I think I can be pardoned for believing all these years that, back in 1975, when the magazine was on the verge of shutting down, Mac Parry personally saved the issue so that my story could go on the cover. The article was about a union’s attempt to organize CKLG technicians and radio personalities. Parry had his own motives for working that weekend to get my story, illustrated by his photographs, ready for the printers. More than Vanmag’s editor, he was its ER surgeon that weekend, keeping the issue ready for the press as it lost page after page of national advertising—advertisers did not want to appear in the final issue of an out-of-business magazine. He did it in the faint hope that the magazine would be salvaged by Stern and the Grescoes without missing a month on the newsstand.

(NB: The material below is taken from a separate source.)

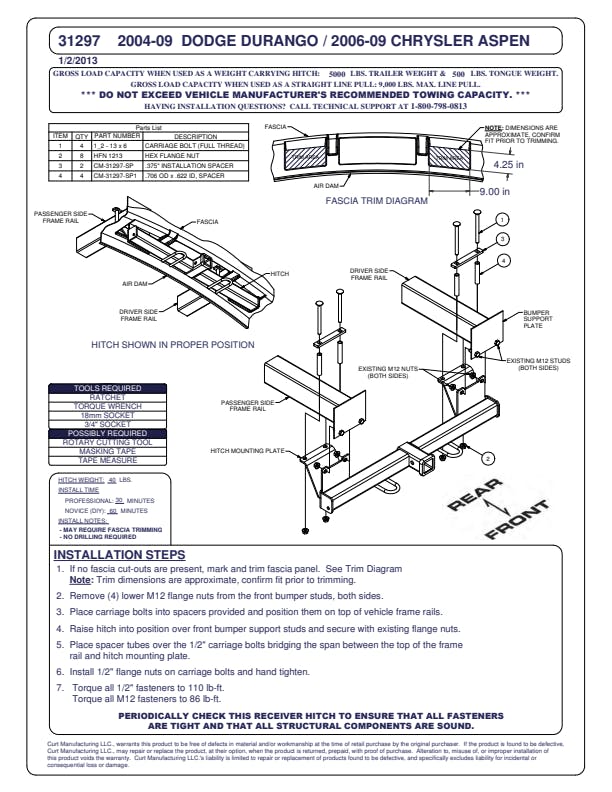 A CURT front trailer hitch allows you to use the front end of your vehicle for a variety of towing applications. They can be used for mounting a winch, a snow plow, a number of towing accessories and can even be used for some trailering applications. When space is limited, a front trailer hitch is commonly used to hold a cargo carrier, freeing up space inside the vehicle for extra cargo and making the rear mount receiver available to pull a trailer. At the boat ramp, your boat trailer can be hitched up to the front receiver hitch, giving you better control over the trailer as you launch. Some of the other accessories that can be used with a front tow hitch are the CURT winch mount, step pad, license plate holder, spare tire mount, skid shield and tow hooks. All CURT front trailer hitches provide a useful receiver tube to accept a 2 in. x 2 in. shank, and they are commonly used on trucks, vans and SUVs. This front trailer hitch is rated for 5,000 lbs. GTW and 500 lbs. TW. It also has a straight-line pull rating of 9,000 lbs. It is designed to be a custom trailer hitch for certain years of the Chrysler Aspen and Dodge Durango (to verify your vehicle compatibility, see application info). It comes with all necessary hardware for a complete installation and is backed by a limited lifetime warranty.

“The magazine was defunct on the Friday,” Parry recalls, as sunlight breaks through the clouds and sparkles on the choppy surface of Deep Cove. “Stern bought it from Agency Press over the weekend, and it was officially funct again on Monday.”
My lengthy cover story was redone time after time. For once in my writing life, verbiage was not an issue: the longer the better. The story ate up almost nine pages. “I was there at three o’clock on the Sunday morning,” Parry says. “I was making up ads to fill the pages.” (Note to non-magazine types: editors don’t do ads.) “It was important to keep the edition intact, to not miss an issue, to print it and get it out.”

I can’t say now that Mac saved the magazine so that my story would have a place to appear. It just seemed that way at the time. Like any number of Vancouver writers who found their feet under Mac’s tutelage, I was—I am—eternally grateful.